**WHAT NEEDS TO BE DONE**
The full listing, returned exactly and free of pictures, is the expected answer.

*** Opening DATA SEGMENT ***

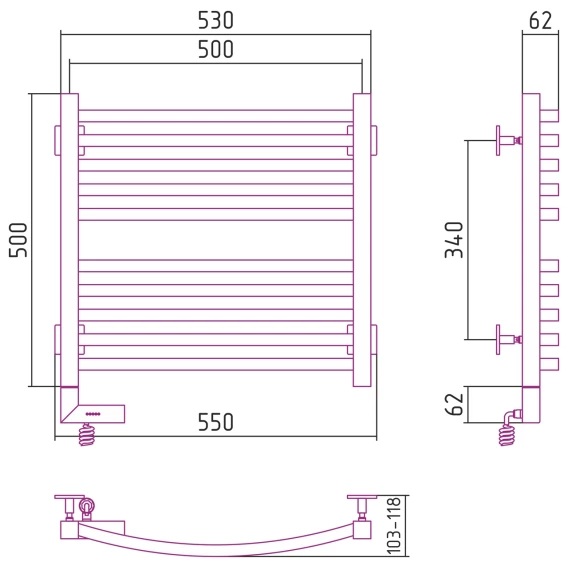 Полотенцесушитель электрический 500x500 МЭМ правый Сунержа Аркус 2.0 00-5605-5050
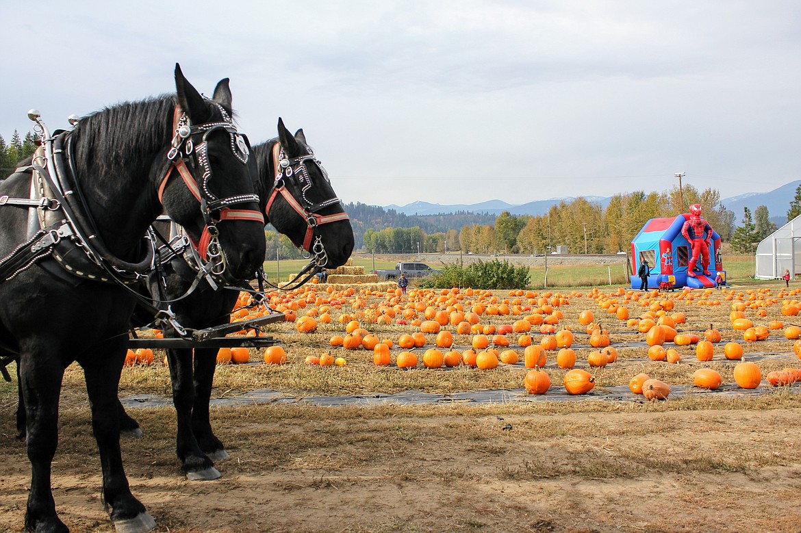 Hay rides with Paula Sandelin’s Stardust Ranch Percherons, a bouncy house, yummy treats for sale, and food items from the Compass Grill were enjoyed by visitors who came out to have some fall fun and choose a pumpkin from the patch.
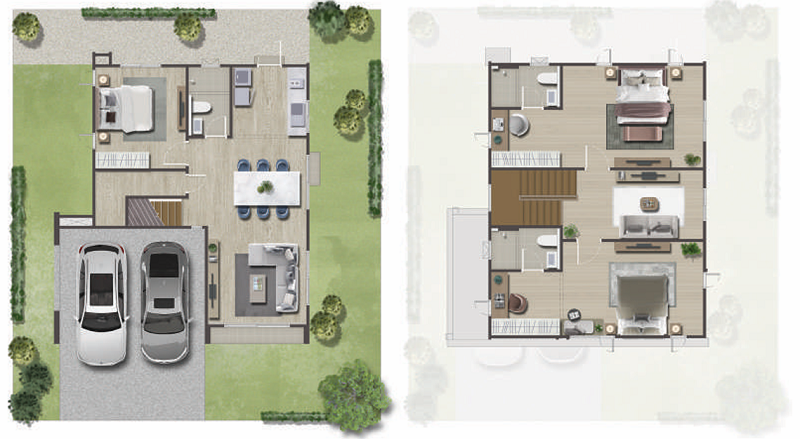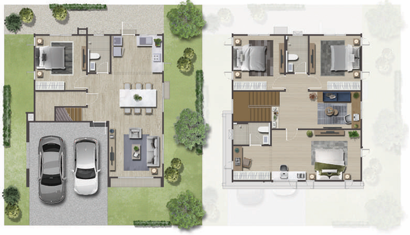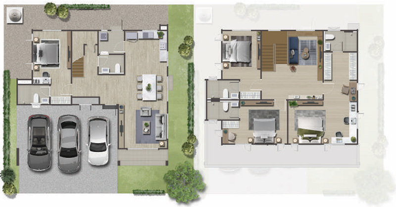 🟢 แบบบ้าน Cedar พื้นที่ใช้สอย 174 ตร.ม. ฟังก์ชัน 3 ห้องนอน, 3 ห้องน้ำ, 2 ที่จอดรถ

*** Closing DATA SEGMENT ***

**SOLUTION TO THE EXERCISE**
 Полотенцесушитель электрический 500x500 МЭМ правый Сунержа Аркус 2.0 00-5605-5050
 Hay rides with Paula Sandelin’s Stardust Ranch Percherons, a bouncy house, yummy treats for sale, and food items from the Compass Grill were enjoyed by visitors who came out to have some fall fun and choose a pumpkin from the patch.
 🟢 แบบบ้าน Cedar พื้นที่ใช้สอย 174 ตร.ม. ฟังก์ชัน 3 ห้องนอน, 3 ห้องน้ำ, 2 ที่จอดรถ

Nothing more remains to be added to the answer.